Une bonne main

La vedette du film, Jason Statham, reçoit l’aide brève mais savoureuse de comédiens aguerris, comme Anne Heche.
Photo: VVS Films La vedette du film, Jason Statham, reçoit l’aide brève mais savoureuse de comédiens aguerris, comme Anne Heche.

Le Las Vegas du film Wild Card n’est pas celui sur lequel Hollywood aime habituellement s’attarder. Petits casinos miteux aux moquettes élimées, diner fauchés et bungalows défraîchis où errent des âmes blasées à force de rêves jamais réalisés : le lieu et la faune n’ont rien pour séduire le touriste potentiel. C’est l’un des charmes inattendus de ce film d’action qui, à défaut de renouveler le genre, en constitue un exercice efficace.

Écrit par l’estimable William Goldman (Butch Cassidy et le Kid, Les hommes du président, Misery), d’après l’un de ses romans, Wild Card met en scène un expert en sécurité (lire : garde du corps redoutable) qui, après avoir aidé une amie à se venger de ses agresseurs, se retrouve la cible de ces derniers, humiliés et courroucés.
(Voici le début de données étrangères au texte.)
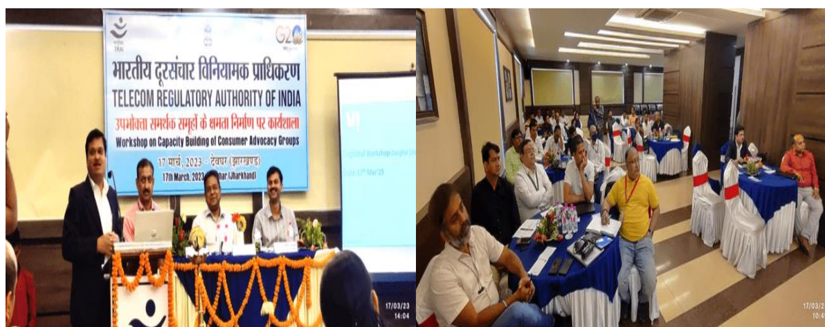
Workshop at Deoghar, Jharkhand on 17 th March 2023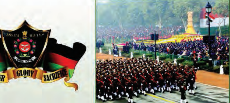
PRIDE OF THE NATION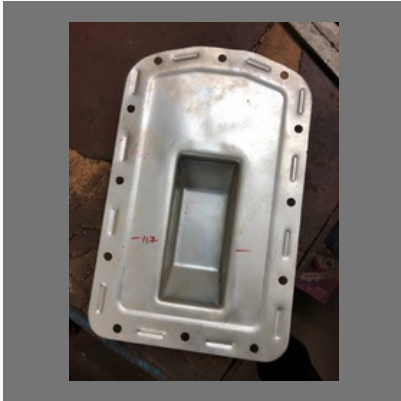
Mini Oil Pans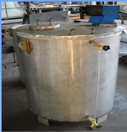
SS CHEMICAL TANK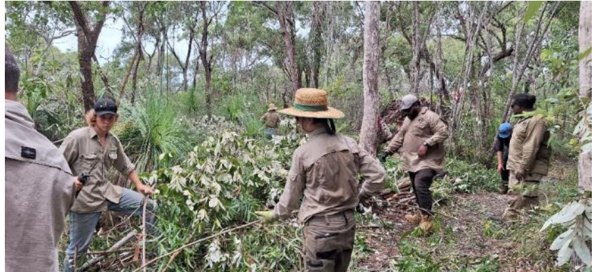
Uncleared area (on the left) as against cleared area (below)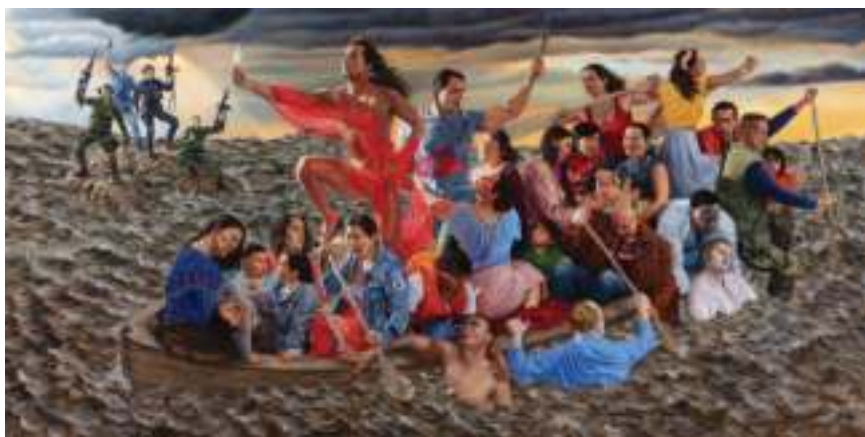
Kent Monkman, Study for "mistikôsiwak (Wooden Boat People): Resurgence of the People," (Final Variation) , 2019. Acrylic on canvas. Collection of the Sobeys Art Foundation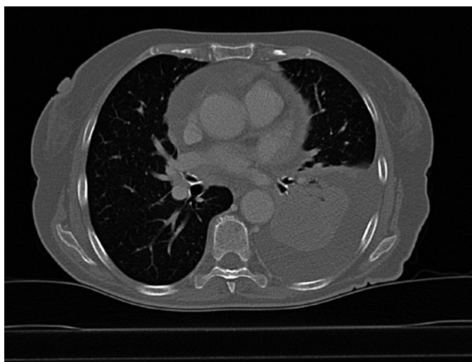
Figure 2. Computer tomography features of the lesions in the lung showing small nodules and pleural effusion.

explanation (1) . The other frequent sites of choroidal metastasis are alimentary tract cancers, prostate, skin melanoma, kidneys, contralateral choroidal melanoma, thyroid and testis (5) .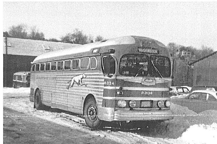
GM PD 3751 (right) Pictured at the Trans-Bridge Lines facility in Phillipsburg, NJ in the winter of 1961. This coach brought a charter group to nearby Lafayette College.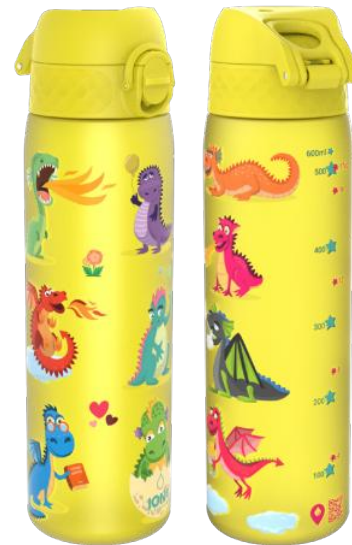
I8RF500PYDRAG RECYCLON - 500ML DRAGONS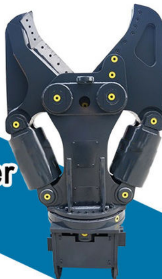
Double Cylinder Shear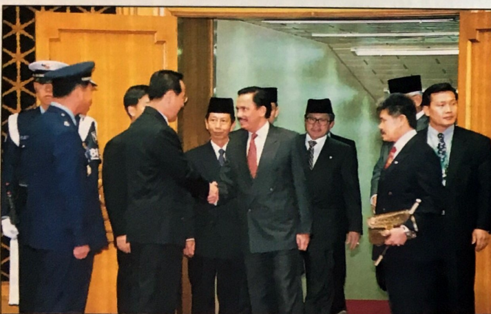
* From page one (Third ASEM Summit)

mitments, such as its active role in supporting United Nation's (UN) efforts especially in arms control and peacekeeping, and emphasised the important role of the EU in assisting developing countries to come to terms with modern economic conditions.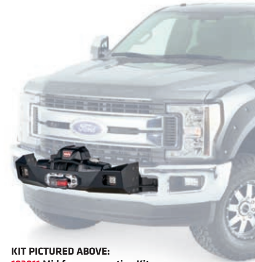
KIT PICTURED ABOVE: 103011 Mid frame mounting Kit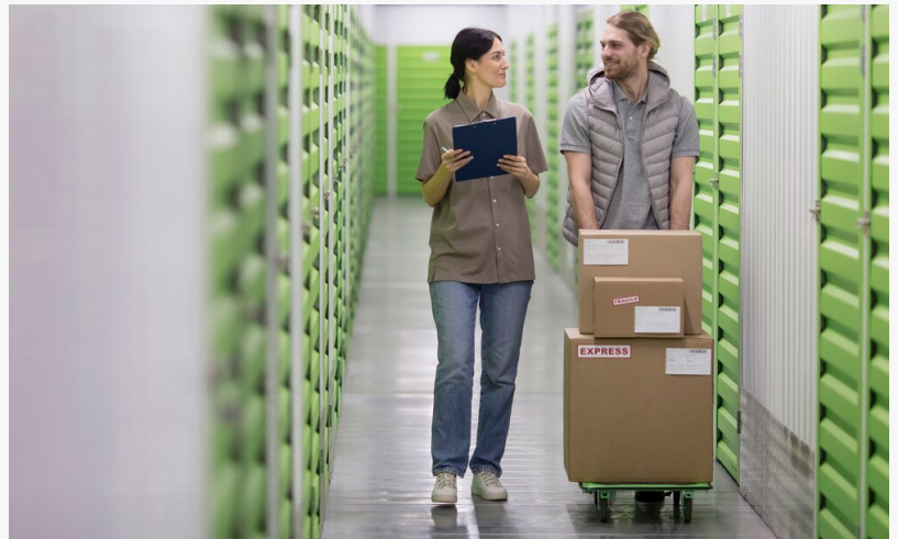
storage renters insurance.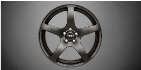
TRD 18-in. 5-spoke wheels (Silver or Black)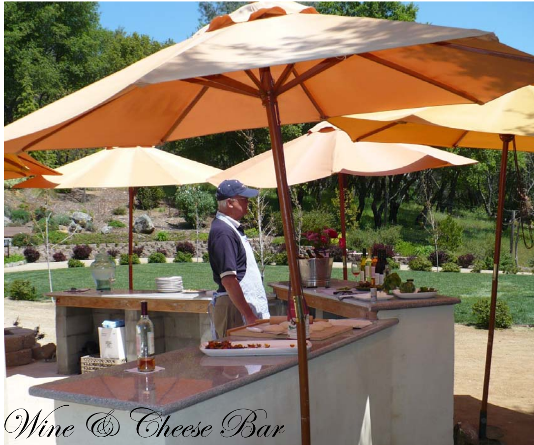
Wine & Cheese Bar

À mesure que le scénario joue ses cartes au cours des vingt premières minutes, on se dit que l’on sait d’office comment tout cela se soldera. On n’a pas tout à fait tort, mais voilà, l’intérêt du film réside ailleurs, soit dans une multitude de « moments de personnages », comme autant de vignettes imprévisibles. Qu’il s’agisse de l’embauche du protagoniste par un tout jeune joueur au rire suraigu ou de l’interrogatoire impromptu mené par un hôtelier affable mais redoutable, chacune de celles-ci bénéficie de la participation brève mais savoureuse de comédiens aguerris, comme Stanley Tucci, Hope Davis ou Anne Heche. Bref, le générique est, à l’inverse du décor fané, chatoyant.

La vedette du film étant Jason Statham (Le transporteur), on s’attend en outre à deux choses : primo, à un protagoniste un peu frustre, un peu misanthrope, mais avec le coeur à la bonne place, la seule partition que l’acteur semble capable (ou intéressé ?) de jouer ; secundo, à des scènes de combat savamment chorégraphiées.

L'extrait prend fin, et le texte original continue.